PROBLEM REQUIREMENTS:
Take the line that contains "现场TNT记者Jared G" and each one after it through the last line below, and retype them exactly. Leave out the pictures.
GIVEN ENTRIES below:
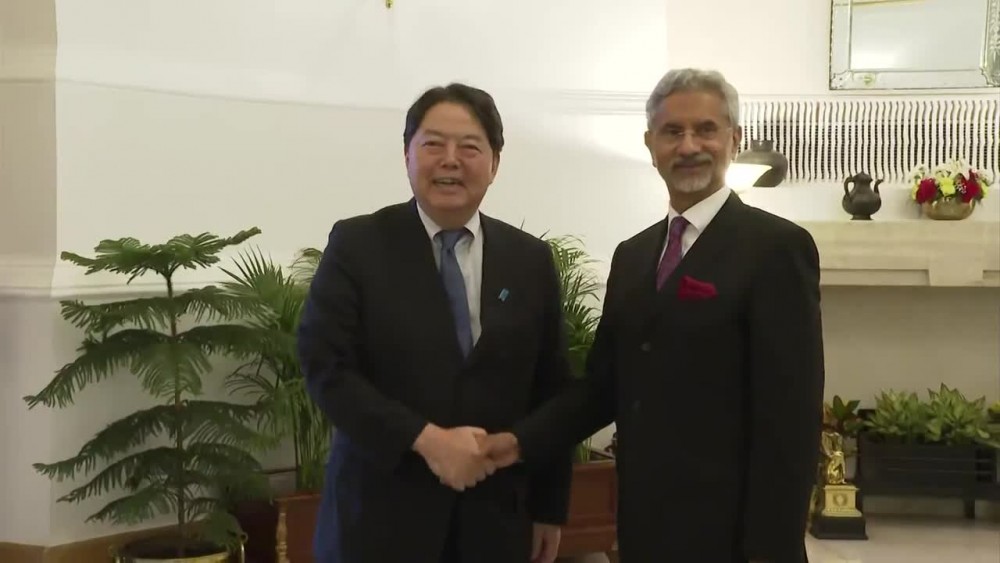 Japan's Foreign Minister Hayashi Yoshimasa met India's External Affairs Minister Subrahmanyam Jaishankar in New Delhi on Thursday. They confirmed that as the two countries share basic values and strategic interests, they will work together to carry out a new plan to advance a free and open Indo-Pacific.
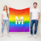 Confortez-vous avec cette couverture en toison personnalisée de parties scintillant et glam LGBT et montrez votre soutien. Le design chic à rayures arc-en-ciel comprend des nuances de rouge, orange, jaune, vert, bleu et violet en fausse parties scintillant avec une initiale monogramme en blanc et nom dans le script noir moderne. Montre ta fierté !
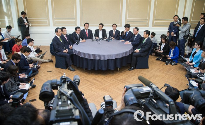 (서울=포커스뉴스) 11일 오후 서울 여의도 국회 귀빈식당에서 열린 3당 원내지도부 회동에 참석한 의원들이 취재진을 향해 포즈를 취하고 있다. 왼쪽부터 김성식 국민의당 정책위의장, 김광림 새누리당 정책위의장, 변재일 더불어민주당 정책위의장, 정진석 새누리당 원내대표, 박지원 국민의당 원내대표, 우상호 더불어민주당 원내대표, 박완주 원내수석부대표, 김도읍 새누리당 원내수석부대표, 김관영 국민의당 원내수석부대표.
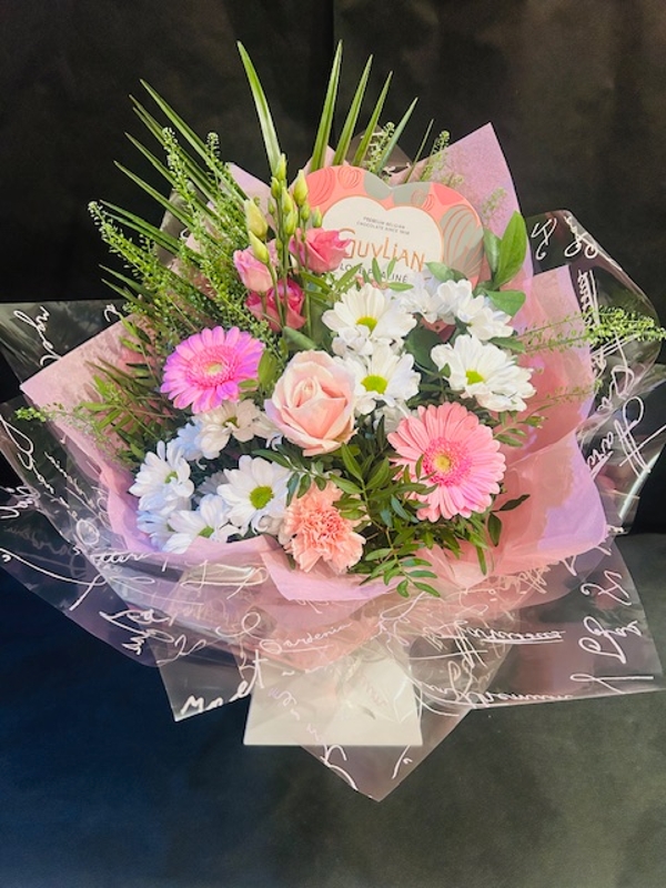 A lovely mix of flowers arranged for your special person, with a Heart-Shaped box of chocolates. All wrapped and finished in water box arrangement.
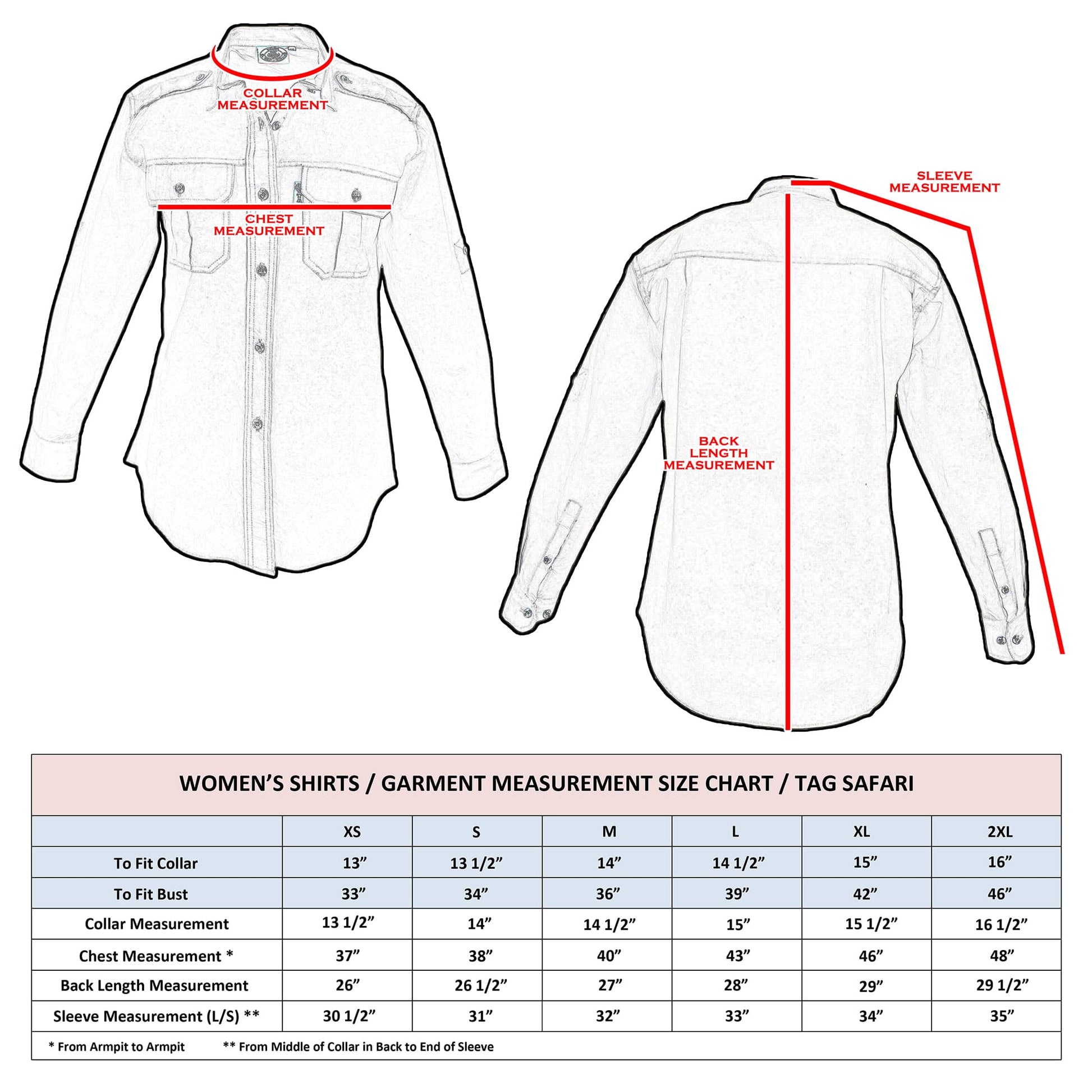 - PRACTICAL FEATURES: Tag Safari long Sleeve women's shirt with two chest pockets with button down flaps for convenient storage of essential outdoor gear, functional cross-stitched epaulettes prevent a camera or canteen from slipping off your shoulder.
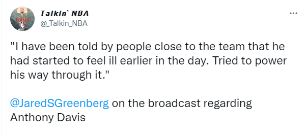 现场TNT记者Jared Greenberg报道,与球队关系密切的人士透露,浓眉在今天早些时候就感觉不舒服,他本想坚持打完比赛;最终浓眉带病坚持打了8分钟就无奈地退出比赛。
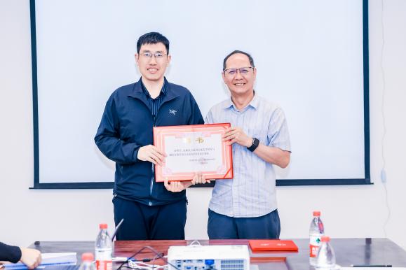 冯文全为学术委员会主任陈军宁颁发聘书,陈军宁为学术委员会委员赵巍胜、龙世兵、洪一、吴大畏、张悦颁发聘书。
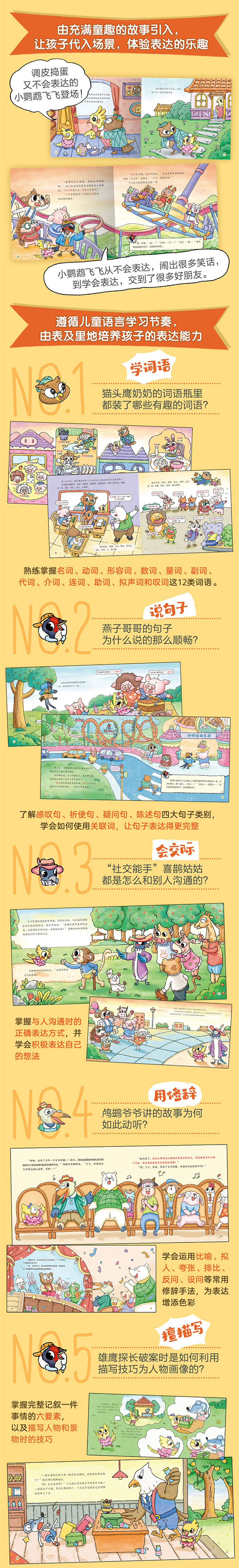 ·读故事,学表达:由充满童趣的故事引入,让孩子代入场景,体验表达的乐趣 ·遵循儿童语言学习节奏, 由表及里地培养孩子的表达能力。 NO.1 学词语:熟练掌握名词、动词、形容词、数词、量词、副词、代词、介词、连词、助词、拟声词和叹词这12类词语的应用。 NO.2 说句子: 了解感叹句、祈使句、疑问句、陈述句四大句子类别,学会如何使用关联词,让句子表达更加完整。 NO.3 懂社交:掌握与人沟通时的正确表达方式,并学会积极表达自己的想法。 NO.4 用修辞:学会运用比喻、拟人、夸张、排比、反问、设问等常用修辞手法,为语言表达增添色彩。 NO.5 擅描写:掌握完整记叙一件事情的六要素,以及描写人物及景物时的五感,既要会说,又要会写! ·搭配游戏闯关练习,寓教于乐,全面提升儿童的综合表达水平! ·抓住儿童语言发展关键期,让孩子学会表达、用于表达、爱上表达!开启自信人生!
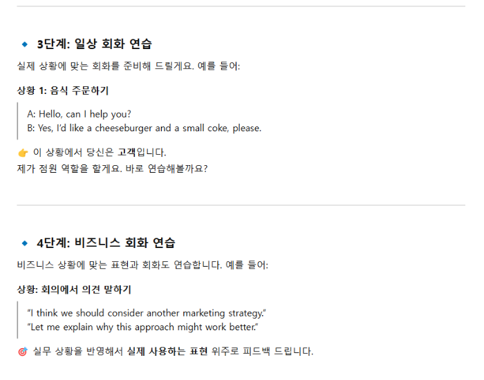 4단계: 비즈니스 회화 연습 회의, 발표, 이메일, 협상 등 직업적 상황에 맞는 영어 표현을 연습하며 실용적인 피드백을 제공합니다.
End of GIVEN ENTRIES.
SOLUTION FOR THIS PROBLEM:
 现场TNT记者Jared Greenberg报道,与球队关系密切的人士透露,浓眉在今天早些时候就感觉不舒服,他本想坚持打完比赛;最终浓眉带病坚持打了8分钟就无奈地退出比赛。
 冯文全为学术委员会主任陈军宁颁发聘书,陈军宁为学术委员会委员赵巍胜、龙世兵、洪一、吴大畏、张悦颁发聘书。
 ·读故事,学表达:由充满童趣的故事引入,让孩子代入场景,体验表达的乐趣 ·遵循儿童语言学习节奏, 由表及里地培养孩子的表达能力。 NO.1 学词语:熟练掌握名词、动词、形容词、数词、量词、副词、代词、介词、连词、助词、拟声词和叹词这12类词语的应用。 NO.2 说句子: 了解感叹句、祈使句、疑问句、陈述句四大句子类别,学会如何使用关联词,让句子表达更加完整。 NO.3 懂社交:掌握与人沟通时的正确表达方式,并学会积极表达自己的想法。 NO.4 用修辞:学会运用比喻、拟人、夸张、排比、反问、设问等常用修辞手法,为语言表达增添色彩。 NO.5 擅描写:掌握完整记叙一件事情的六要素,以及描写人物及景物时的五感,既要会说,又要会写! ·搭配游戏闯关练习,寓教于乐,全面提升儿童的综合表达水平! ·抓住儿童语言发展关键期,让孩子学会表达、用于表达、爱上表达!开启自信人生!
 4단계: 비즈니스 회화 연습 회의, 발표, 이메일, 협상 등 직업적 상황에 맞는 영어 표현을 연습하며 실용적인 피드백을 제공합니다.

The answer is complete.